Amul Sul Sun, 17 Oct 2021 22:27:49 -0700

On Wed, Oct 6, 2021 at 7:24 PM Amul Sul <sula...@gmail.com> wrote:
>
> On Tue, Oct 5, 2021 at 10:42 PM Robert Haas <robertmh...@gmail.com> wrote:
> >
> > On Tue, Oct 5, 2021 at 12:41 PM Amul Sul <sula...@gmail.com> wrote:
> > > No, InRecovery flag get cleared before this point. I think, we can use 
> > > lastReplayedEndRecPtr what you have suggested in other thread.
> >
> > Hmm, right, that makes sense. Perhaps I should start remembering what
> > I said in my own emails.
> >
>
> Here I end up with the attached version where I have dropped the
> changes for standby.c and 018_wal_optimize.pl files.  Also, I am not
> sure that we should have the changes for bgwriter.c and slot.c in this
> patch, but that's not touched.
>


Attached is the rebased and updated version. The patch removes the
newly introduced PerformRecoveryXLogAction() function.
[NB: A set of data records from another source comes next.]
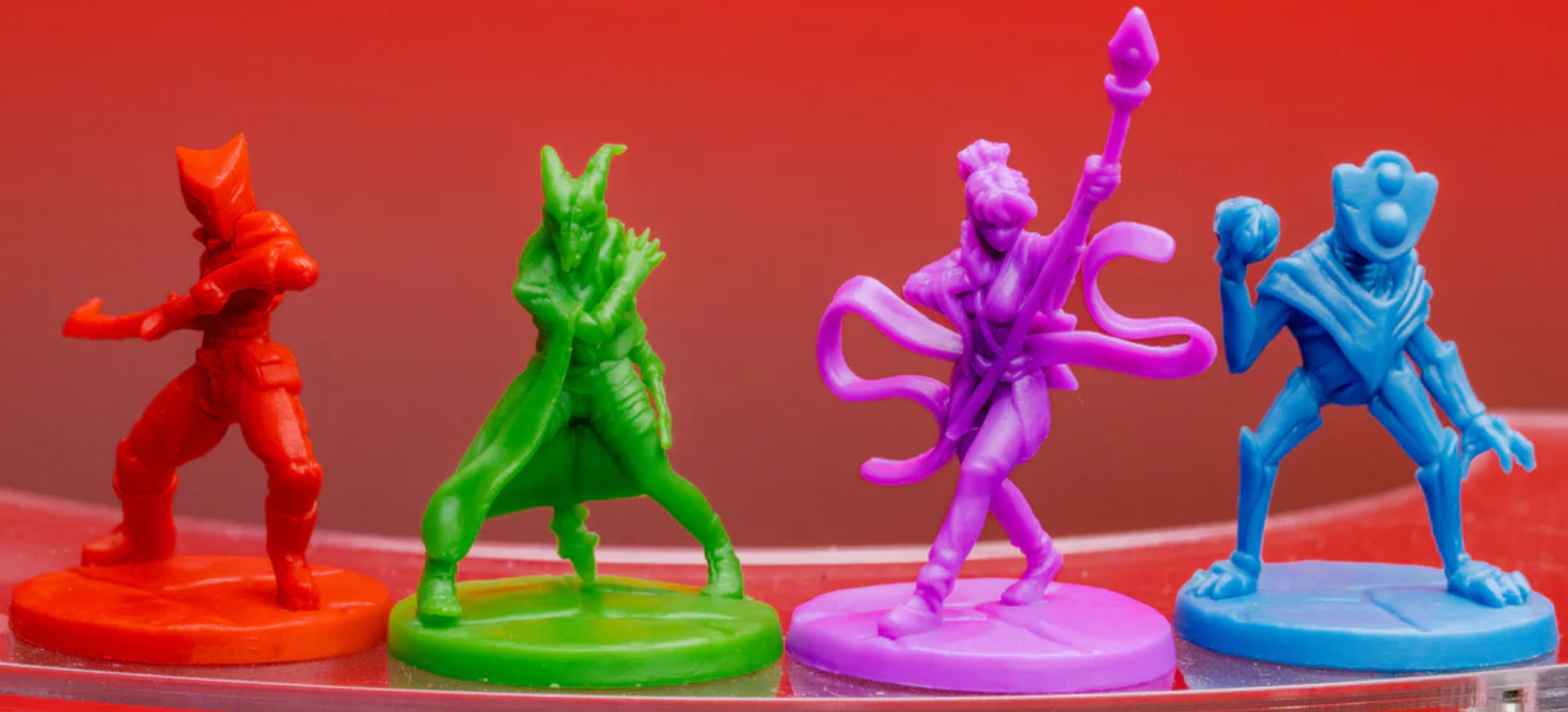 - 4 plastic minifigures, one for each character. They are all one flat color, with each character having a different one – red for the Ironclad, green for the Silent, blue for the Defect and purple for the Watcher. I don’t mind the flat color; I think it’s a good decision to make them easy to recognize, even though they all have very distinctive shapes; especially for newer players, and doubly so because there’s a lot of stuff being set up on the table, so seeing where your character is with just a glance is a big bonus.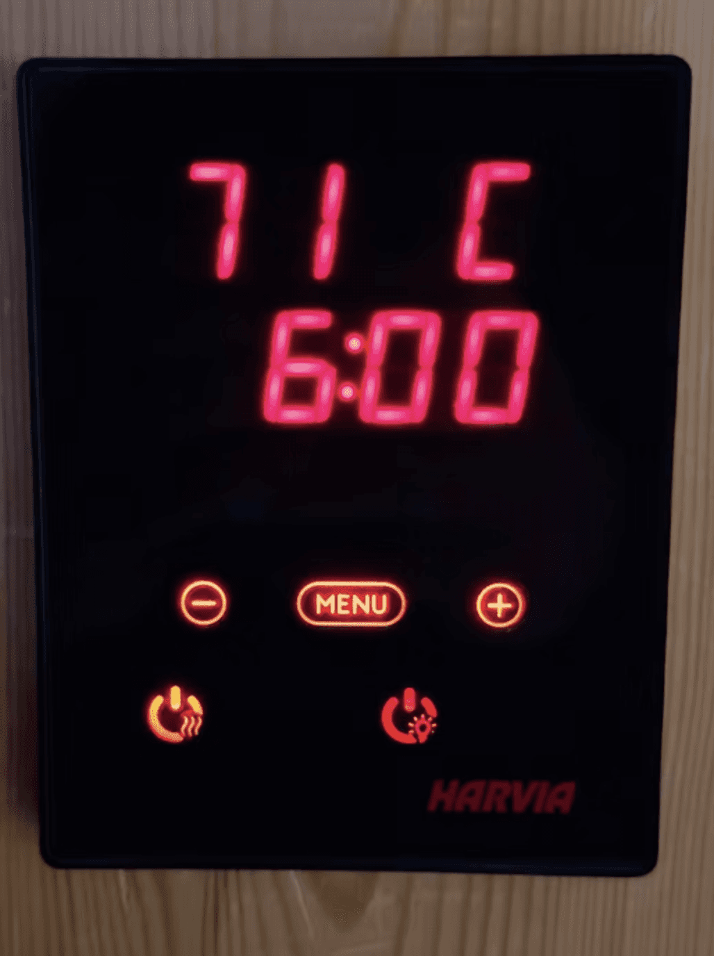 Turn on the sauna by pressing once on the power button to the left. It will automatically show for a few seconds set temperature and then switch to show current temperature.
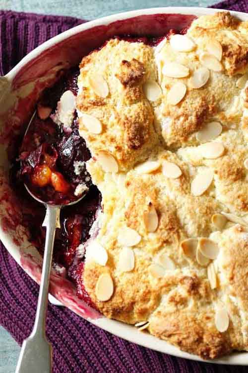 Bake in the oven for 30-35 minutes until golden and bubbling, covering it loosely with a sheet of foil if it is browning a little too quickly. It is done when a skewer, pushed into the middle of the cobbler topping, comes away clean. Leave to cool briefly before serving with some custard, double cream or crème fraîche.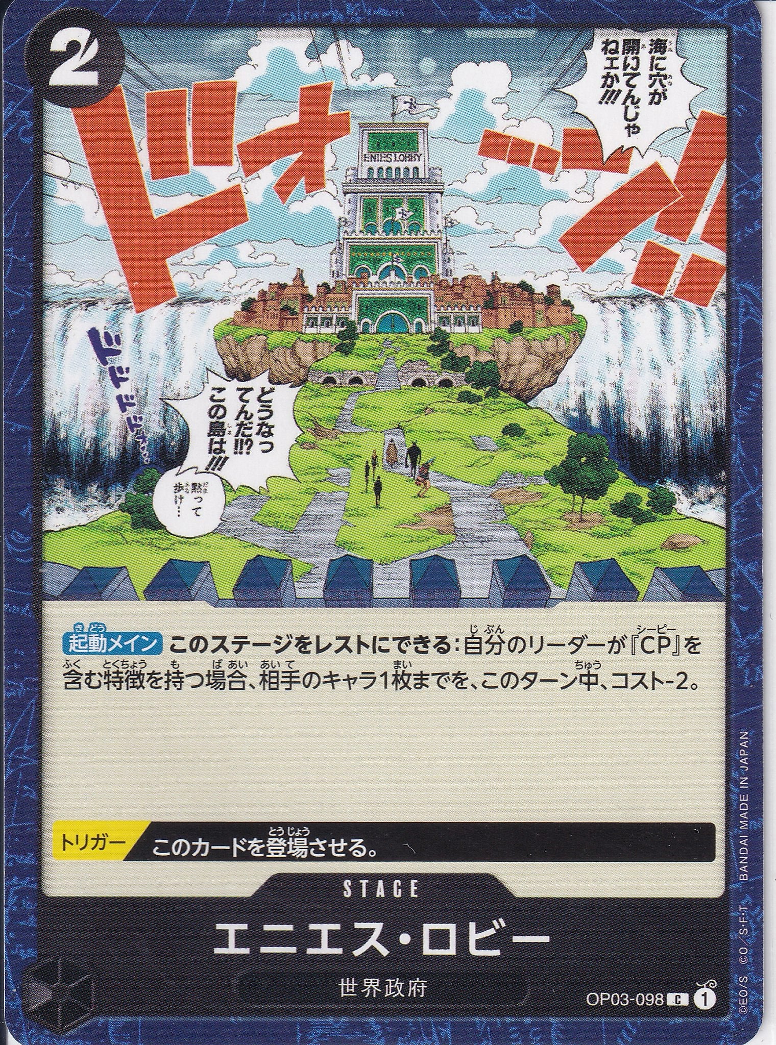 - 【起動メイン】このステージをレストにできる:自分のリーダーが『CP』を含む特徴を持つ場合、相手のキャラ1枚までを、このターン中、コスト-2。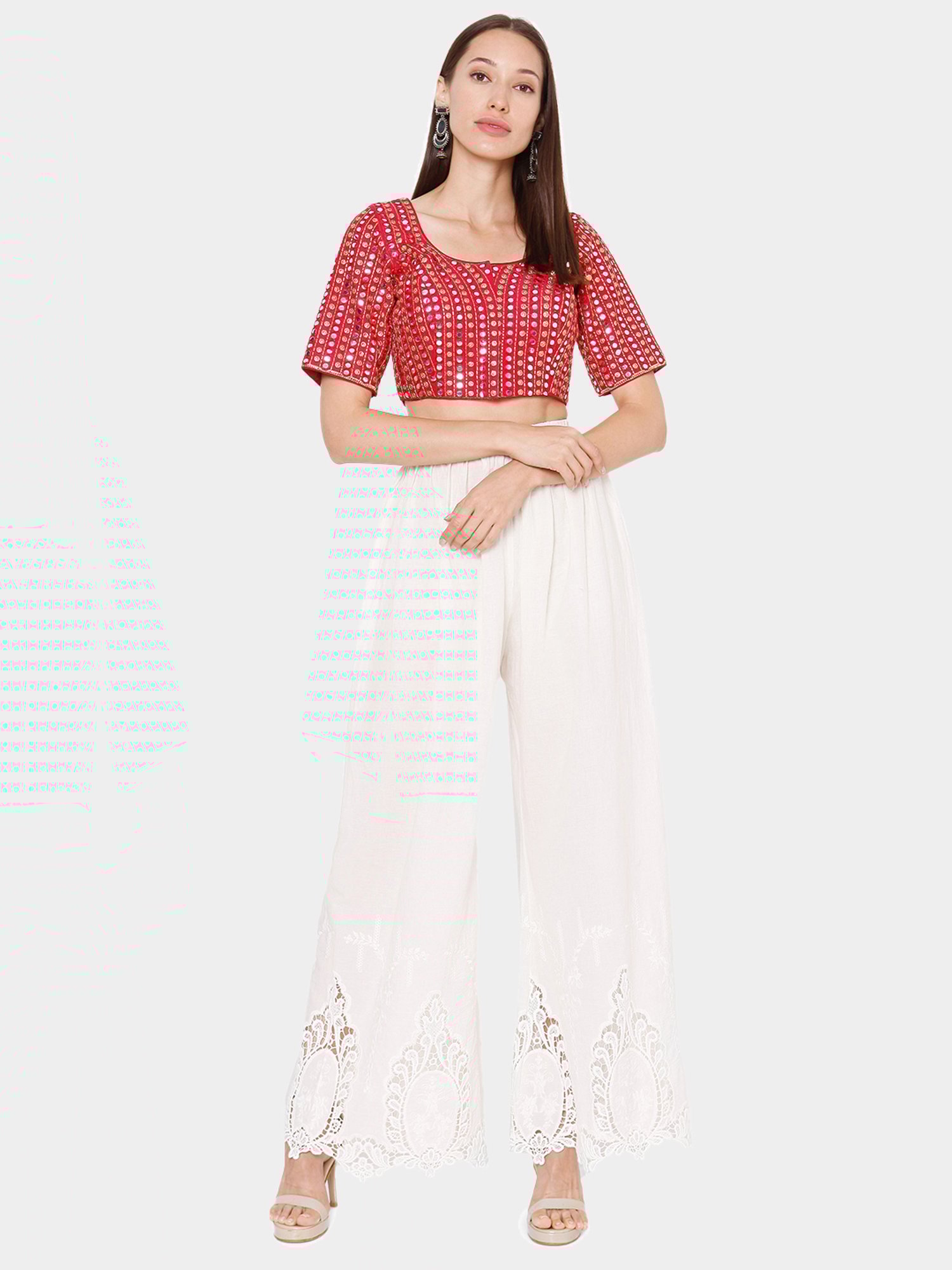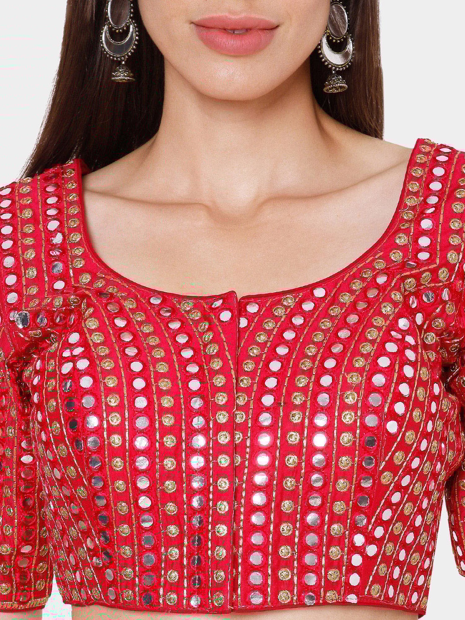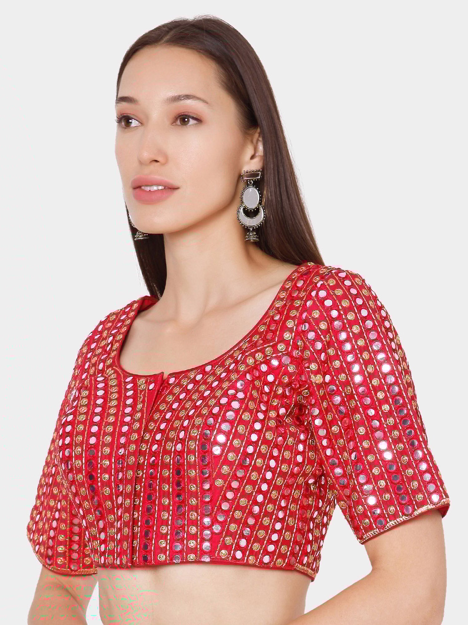Be the cynosure of all eyes in this stunning red embroidered blouse from the house of Salwar Studio. Beautifully crafted in premium silk blend for soft comfort, this versatile piece can be matched across sarees and lehngas for multiple occasions. Pair it with a contrast chunni to make a definitive fashion statement.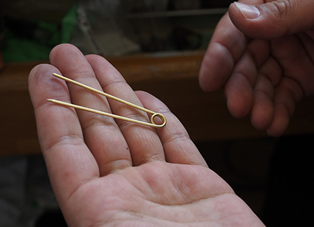▲真鍮をくるっと曲げます。簡単そうに見えて、力の要る作業。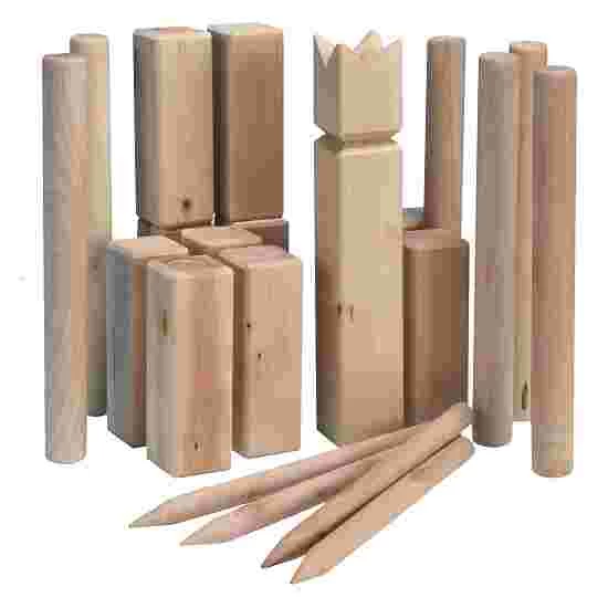 The Summerplay “Kubb” throwing game is great fun for 2–12 people. The set consists of 11 pawns (1 king and 10 “servants”), 6 throwing blocks, 4 marking sticks to set out the playing field and a bag for easy transportation. The pawns, throwing blocks and marking sticks are made of birch wood. The aim of the game is to be the first to knock over the opponent’s “servants” on the battlefield and then knock over the king.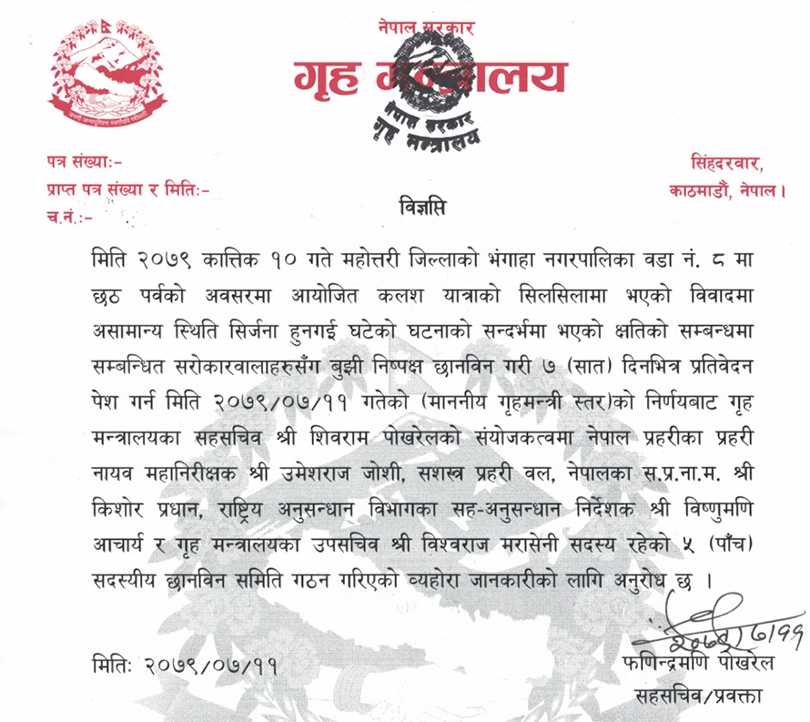 जिल्लाको भङ्गाहा नगरपालिका-८ मा छठको अवसरमा आयोजित कलस यात्राका क्रममा भएको विवादमा असामान्य स्थिति सिर्जना भई घटेको घटनाका सन्दर्भमा छानविन गर्न मन्त्रालयका सहसचिव शिवराम पोखरेलको संयोजकत्वमा पाँच सदस्यीय समिति गठन गरेको मन्त्रालयले आज एक सूचना जारी गरी जनाएको छ ।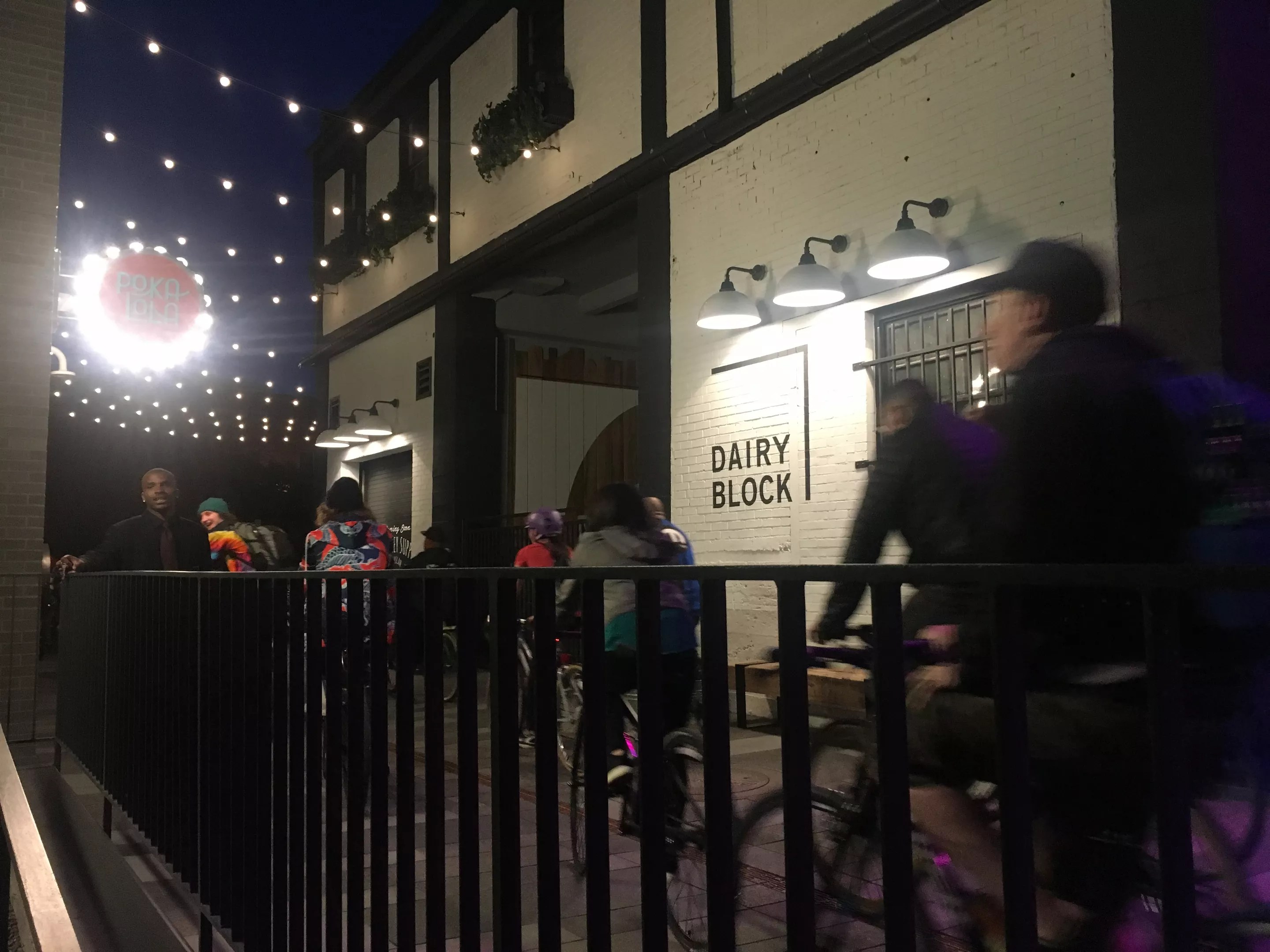 And they didn’t stop. After all, Denver alleys are generally open to bicycles. And while the Dairy Block bills this particular alley as “Denver’s first pedestrian alleyway,” the signs outlining rules for the space are not yet posted. After the Denver Cruiser Ride, though, they will be, and soon, at both entrances to the alley and on the Dairy Block website.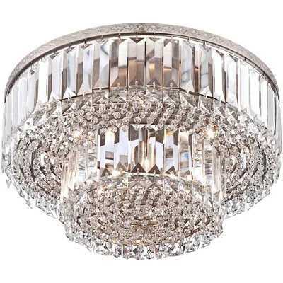 Add timeless elegance to your living space with this contemporary crystal ceiling light. The sparkling shade is made of glass crystal prisms and faceted rectangular accents, which throws the light around in a spectacular manner. A band of satin nickel finish metal adorns the top of the tiered flushmount design.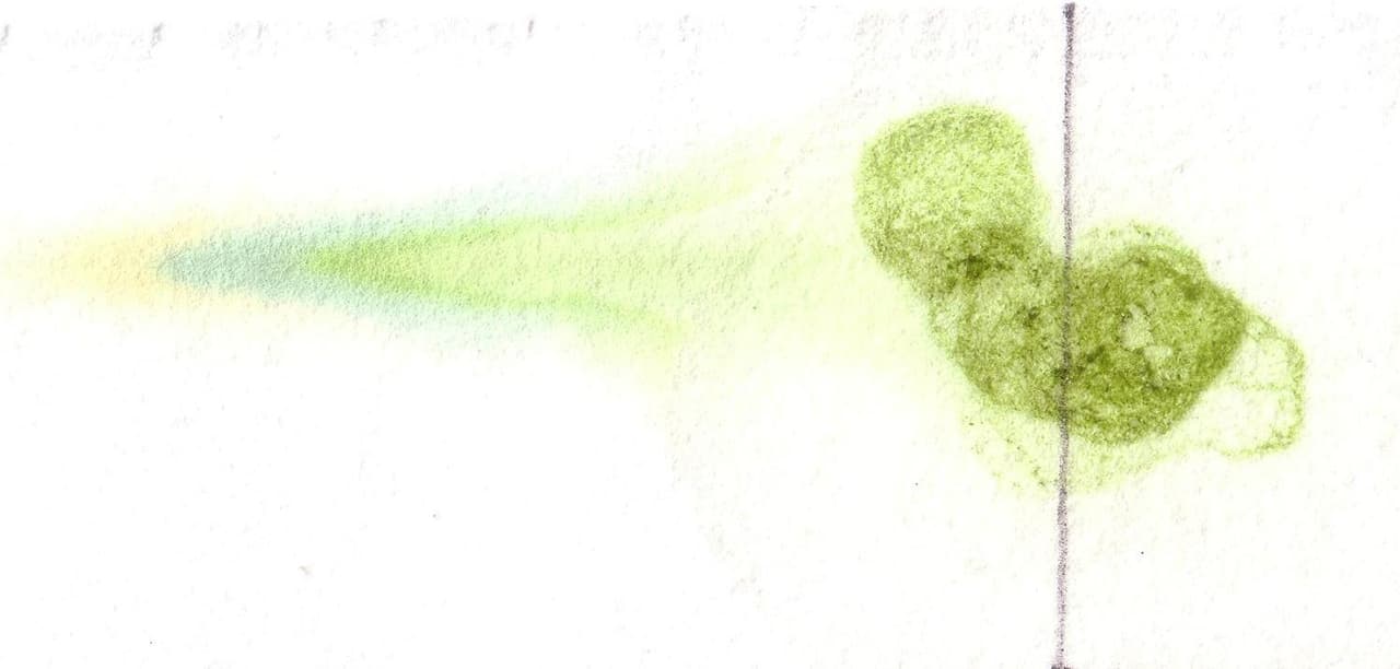 - Poner varias manchas una encima de otra de la mezcla de hojas machacadas y bencina filtrada en un extremo de una tira de papel de filtro. Dejar secar.
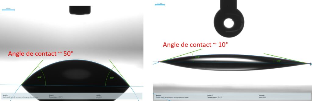 - des propriétés de surface (avec l’appareil d’angle de contact également appelé Goniomètre)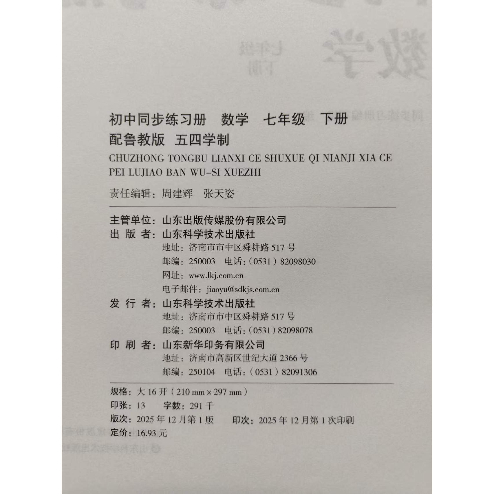 2026春五四制鲁教版初中同步练习册数学七年级下册山东科学技术社54制鲁教版初二7年级数学下册同步练习册配鲁教版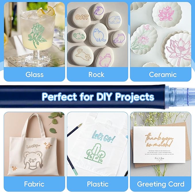 - Wide Applications: finenolo Shimmer Outline Marker Pen Set works on almost any creative surface - whether smooth (glass, ceramic, metal, plastic) or porous (paper, canvas, wood, stone) - all can perfectly present shining effects. From card making, gift decorating to Easter egg painting, scrapbook designing, even professional art creation, these quick-drying Glitter Markers Pen meet all-scene demands, making every artwork shine brilliantly!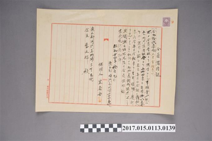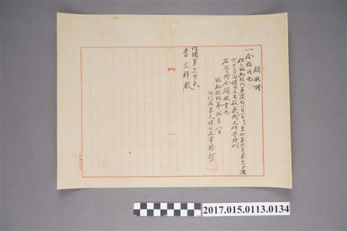 旗山郡內門莊東勢埔貳七九番地林能家屋賃貸借契約書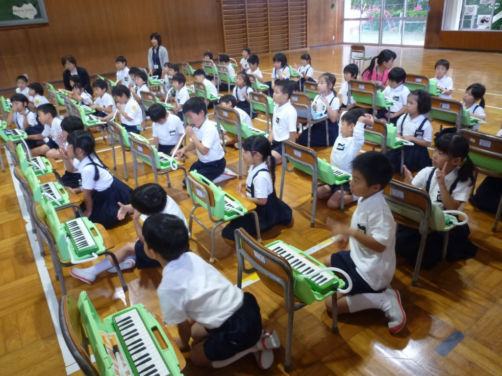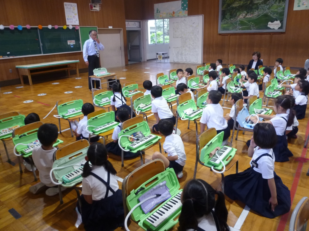 鍵盤ハーモニカの置き方や唄口のくわえ方,「ド」の位置などを教えていただき,子どもたちは「早く吹きたい」とやる気満々!これからの音楽の学習が楽しみですね。

In addition to
that, removed the CHECKPOINT_END_OF_RECOVERY flag and its related
code.  Also, dropped changes for bgwriter.c and slot.c in this patch, which
seem unrelated to this work.

Regards,
Amul

From 7cf4d270ef8649426fb16f2594a7ed7dcf8cfa5d Mon Sep 17 00:00:00 2001
From: Amul Sul <amul.sul@enterprisedb.com>
Date: Fri, 15 Oct 2021 10:38:55 -0400
Subject: [PATCH v3] Always use an end-of-recovery record rather than a
 checkpoint.

Robert Haas, with modifications by Amul Sul.
---
 src/backend/access/transam/xlog.c     | 144 ++++++--------------------
 src/backend/postmaster/checkpointer.c |  11 +-
 src/backend/storage/buffer/bufmgr.c   |  14 ++-
 src/include/access/xlog.h             |  16 ++-
 4 files changed, 47 insertions(+), 138 deletions(-)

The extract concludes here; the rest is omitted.